---- STORED DATA
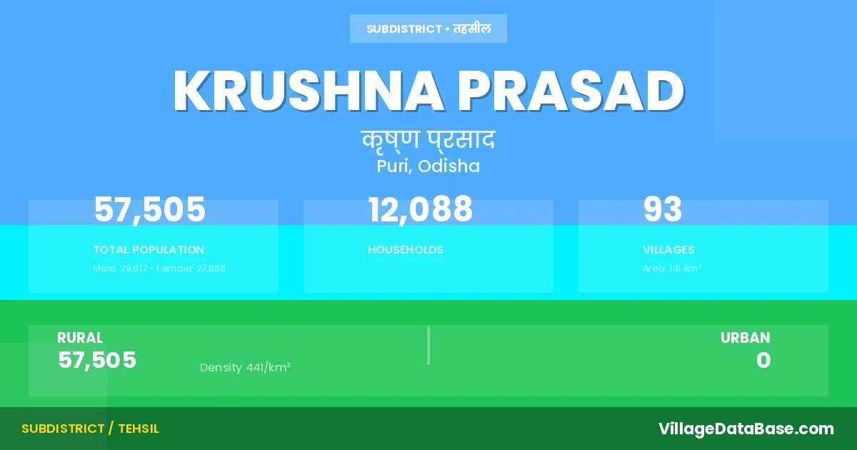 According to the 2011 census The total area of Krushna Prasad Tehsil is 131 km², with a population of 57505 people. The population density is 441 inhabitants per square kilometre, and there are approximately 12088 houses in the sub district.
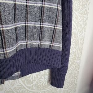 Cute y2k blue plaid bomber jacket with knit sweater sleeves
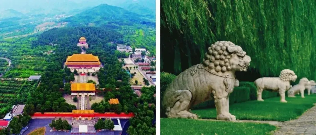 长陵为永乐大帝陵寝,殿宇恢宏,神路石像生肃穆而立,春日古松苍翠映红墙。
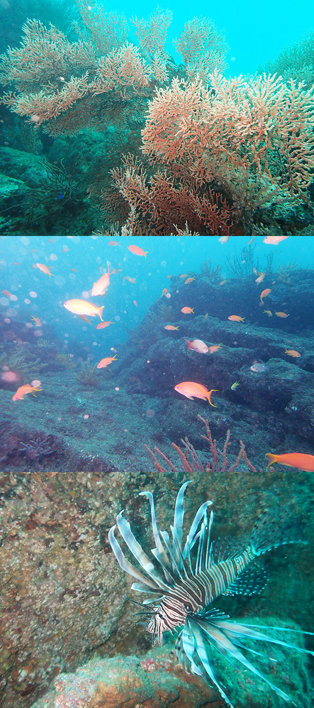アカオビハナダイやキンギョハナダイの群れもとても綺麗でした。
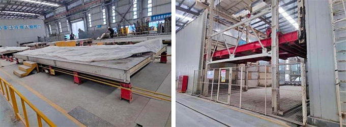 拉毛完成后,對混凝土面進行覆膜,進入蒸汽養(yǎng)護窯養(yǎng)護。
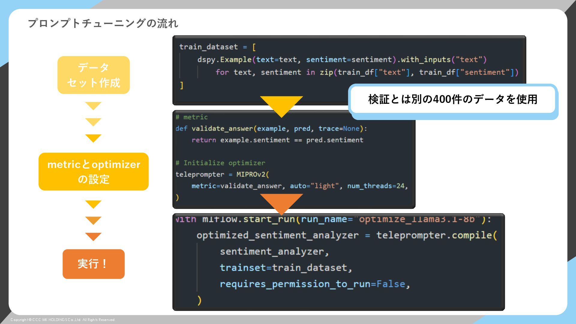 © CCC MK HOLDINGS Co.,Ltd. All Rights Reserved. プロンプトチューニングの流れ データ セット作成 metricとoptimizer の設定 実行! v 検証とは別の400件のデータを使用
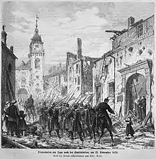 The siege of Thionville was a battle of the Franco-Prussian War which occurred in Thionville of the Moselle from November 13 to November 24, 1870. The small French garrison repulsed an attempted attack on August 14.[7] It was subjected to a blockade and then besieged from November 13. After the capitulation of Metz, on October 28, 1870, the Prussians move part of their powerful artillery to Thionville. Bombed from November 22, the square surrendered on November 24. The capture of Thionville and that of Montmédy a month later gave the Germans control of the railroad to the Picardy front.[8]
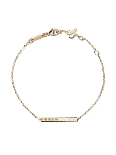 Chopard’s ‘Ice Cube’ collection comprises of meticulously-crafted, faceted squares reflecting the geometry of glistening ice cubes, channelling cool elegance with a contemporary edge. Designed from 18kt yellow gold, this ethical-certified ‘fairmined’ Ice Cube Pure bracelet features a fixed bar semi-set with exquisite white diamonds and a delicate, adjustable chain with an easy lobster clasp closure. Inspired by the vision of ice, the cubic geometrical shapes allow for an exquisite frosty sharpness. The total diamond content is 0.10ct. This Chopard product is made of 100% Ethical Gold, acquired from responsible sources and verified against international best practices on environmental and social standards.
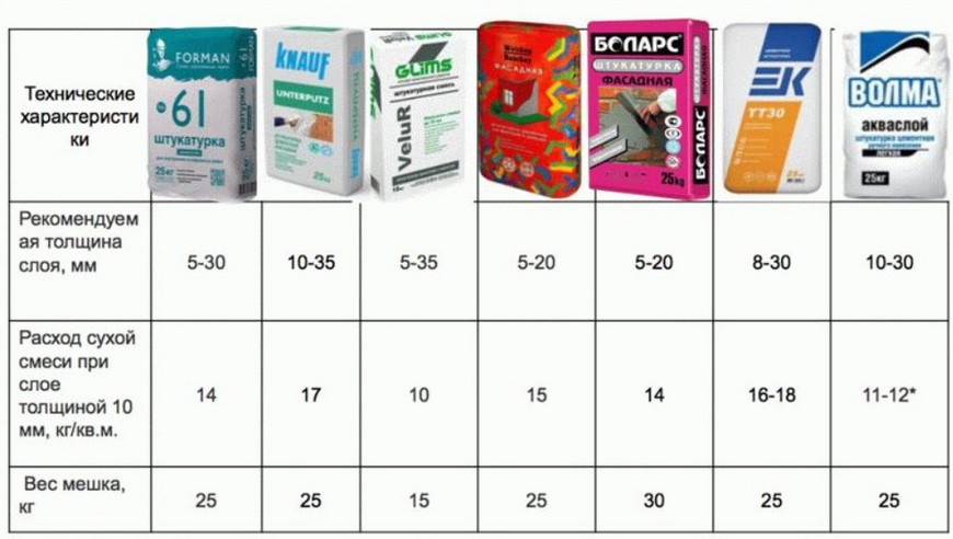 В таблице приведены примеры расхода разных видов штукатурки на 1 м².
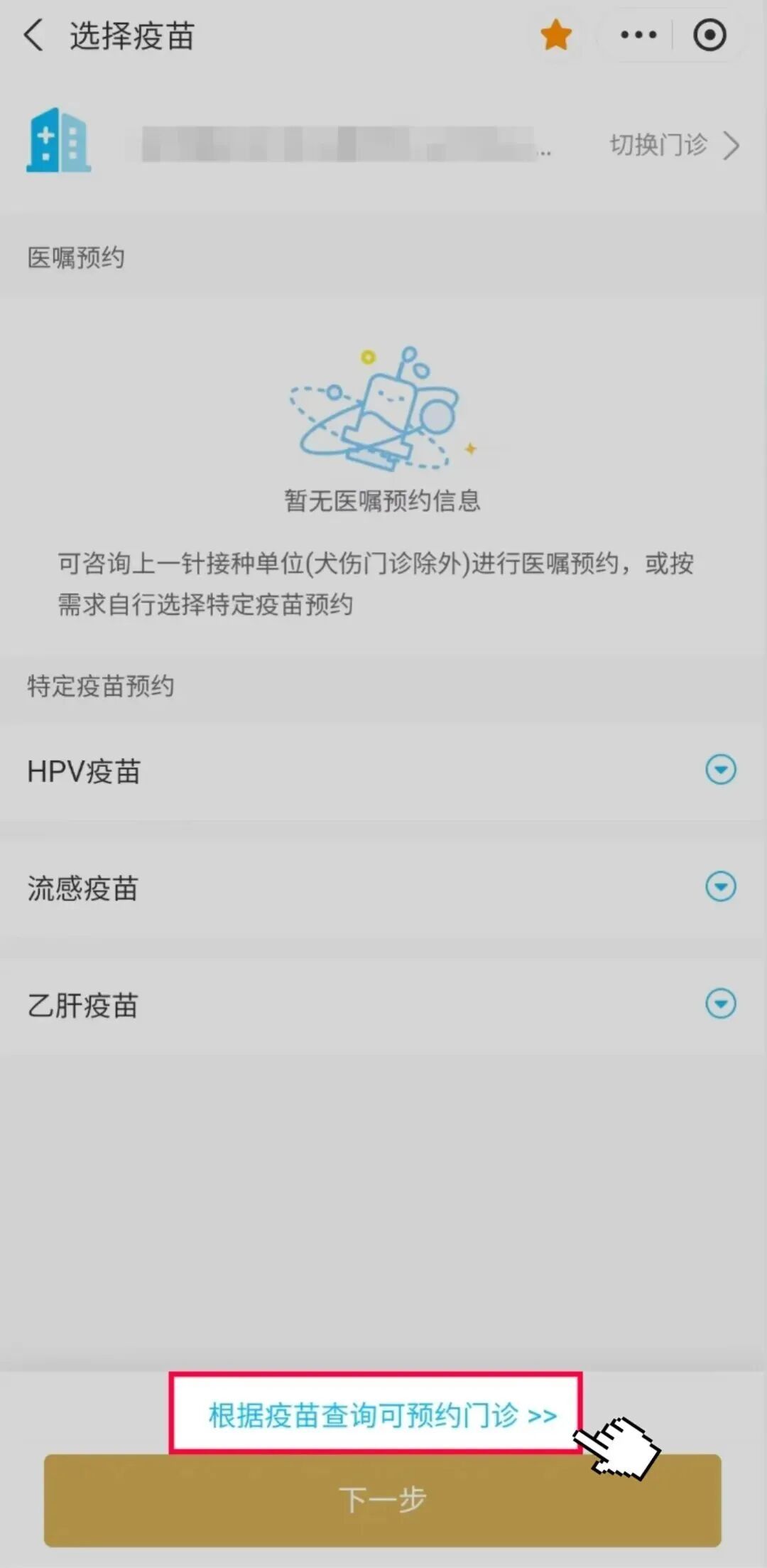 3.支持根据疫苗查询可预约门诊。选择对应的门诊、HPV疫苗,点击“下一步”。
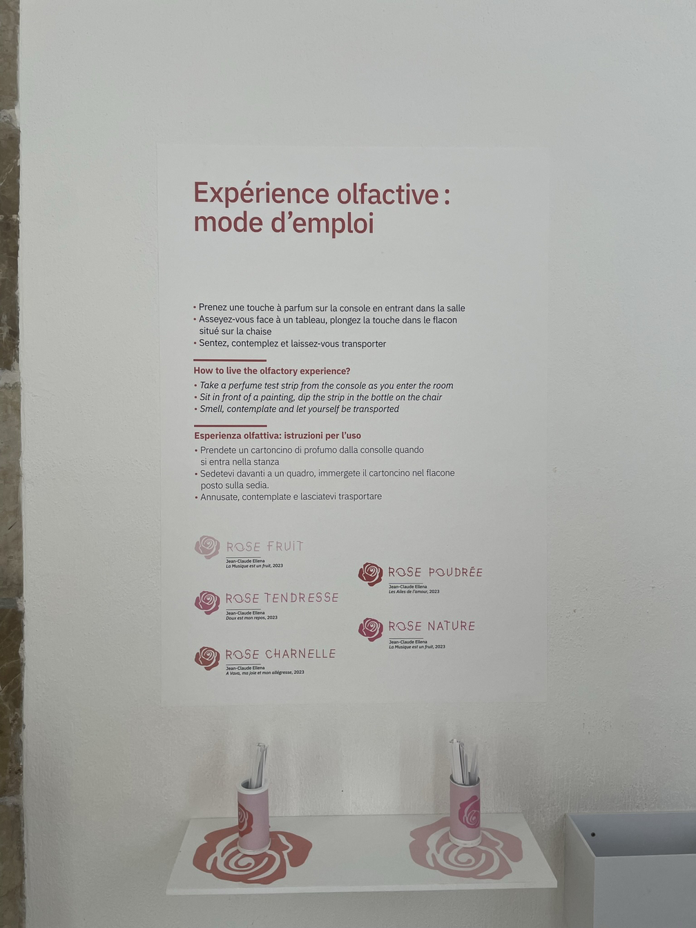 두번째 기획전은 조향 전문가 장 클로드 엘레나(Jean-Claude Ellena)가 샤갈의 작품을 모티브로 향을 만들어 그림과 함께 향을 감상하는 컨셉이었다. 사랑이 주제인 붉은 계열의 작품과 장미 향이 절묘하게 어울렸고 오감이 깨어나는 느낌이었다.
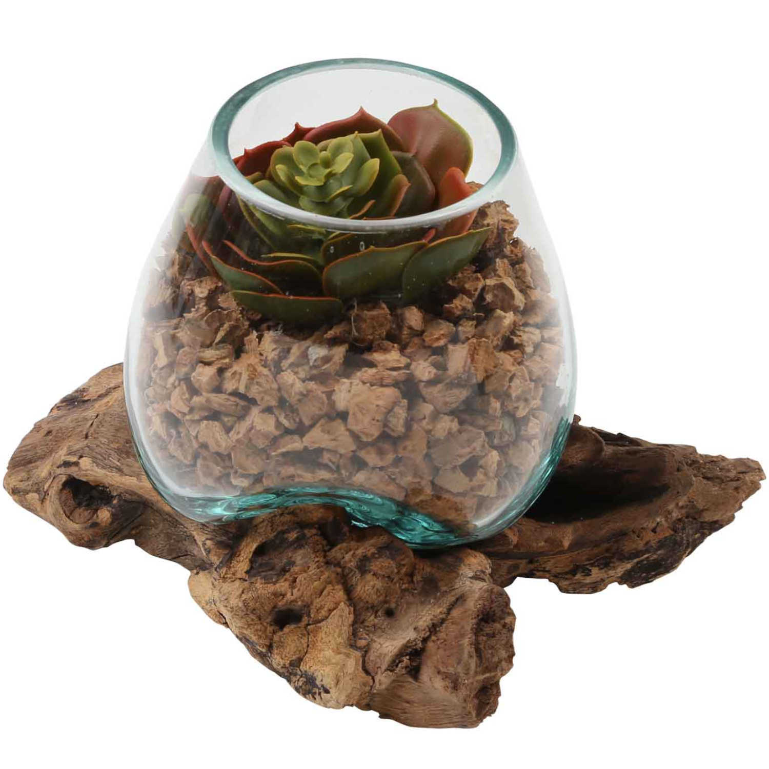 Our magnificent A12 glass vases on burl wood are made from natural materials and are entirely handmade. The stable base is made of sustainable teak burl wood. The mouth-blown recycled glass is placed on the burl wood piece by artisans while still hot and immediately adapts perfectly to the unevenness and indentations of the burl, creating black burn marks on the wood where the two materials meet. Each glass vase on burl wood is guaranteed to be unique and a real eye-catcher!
--------
### WHAT THE TASK ASKS
Could you reproduce exactly the lines from the first line of the listing through the line containing "実行! v 検証とは別の400件のデータを使用", both included, with pictures left out?

### ANSWER FOR THE TASK
 According to the 2011 census The total area of Krushna Prasad Tehsil is 131 km², with a population of 57505 people. The population density is 441 inhabitants per square kilometre, and there are approximately 12088 houses in the sub district.
 Cute y2k blue plaid bomber jacket with knit sweater sleeves
 长陵为永乐大帝陵寝,殿宇恢宏,神路石像生肃穆而立,春日古松苍翠映红墙。
アカオビハナダイやキンギョハナダイの群れもとても綺麗でした。
 拉毛完成后,對混凝土面進行覆膜,進入蒸汽養(yǎng)護窯養(yǎng)護。
 © CCC MK HOLDINGS Co.,Ltd. All Rights Reserved. プロンプトチューニングの流れ データ セット作成 metricとoptimizer の設定 実行! v 検証とは別の400件のデータを使用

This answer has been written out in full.